If you believe this article, apple's "5-Phase Plan" is going according to plan


----------



## Jason (May 2, 2006)

I think they are funny commercials, and better than any other "come to mac" commercials thus far. Two thumbs up from me.


----------



## fryke (May 2, 2006)

TTC: I don't see any reference in your linked article relevant to this thread...?


----------



## Thank The Cheese (May 2, 2006)

fryke said:
			
		

> TTC: I don't see any reference in your linked article relevant to this thread...?



soz I was in a hurry and didnt explain. One of the "phases" in the article talks about apple advertising their security over Windows, so that when OS X starts supporting Windows apps natively, they can say that OS X "protects" windows. 

so these commercials that are making it known that Macs have better security would be a step in that direction. 

an interesting theory anyway.


----------



## Ricky (May 2, 2006)

"Ha ha, okay.  Sure.  No, that's fine!  We'll give the Switch guy one more chance."
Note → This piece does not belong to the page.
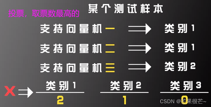 Three support vector machine pairs of categories 1 Your score and =0.5-0.2=0.3 ; For categories 2 Your score and =-0.5+0.4=-0.1; For categories 3 Your score and =0.2-0.4=-0.2; Category 1 Get the highest score and , Therefore, the final recognition result is category 1.
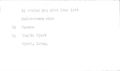//// Ej sörjer ag mitt .ödes lott, Kolar-Svens visa //// 2x Cervus //// Ihekla Ej ort //// Hjort, Iskog, ////

"...Collateral damage?  Erm...  Okay.  We'll fire him if he screws this one up."

_Two weeks later, the director for the infamous "Switch" and "Get a Mac" ad campaigns is seen scrubbing dishes at a greasy diner._


----------



## mindbend (May 2, 2006)

Once again, brilliant by Apple's creative agencies.

They do so many things right in these. They mention Microsoft Office at least twice, so they're clearly catering to M$. They don't want to piss off M$, they just want to sell Macs.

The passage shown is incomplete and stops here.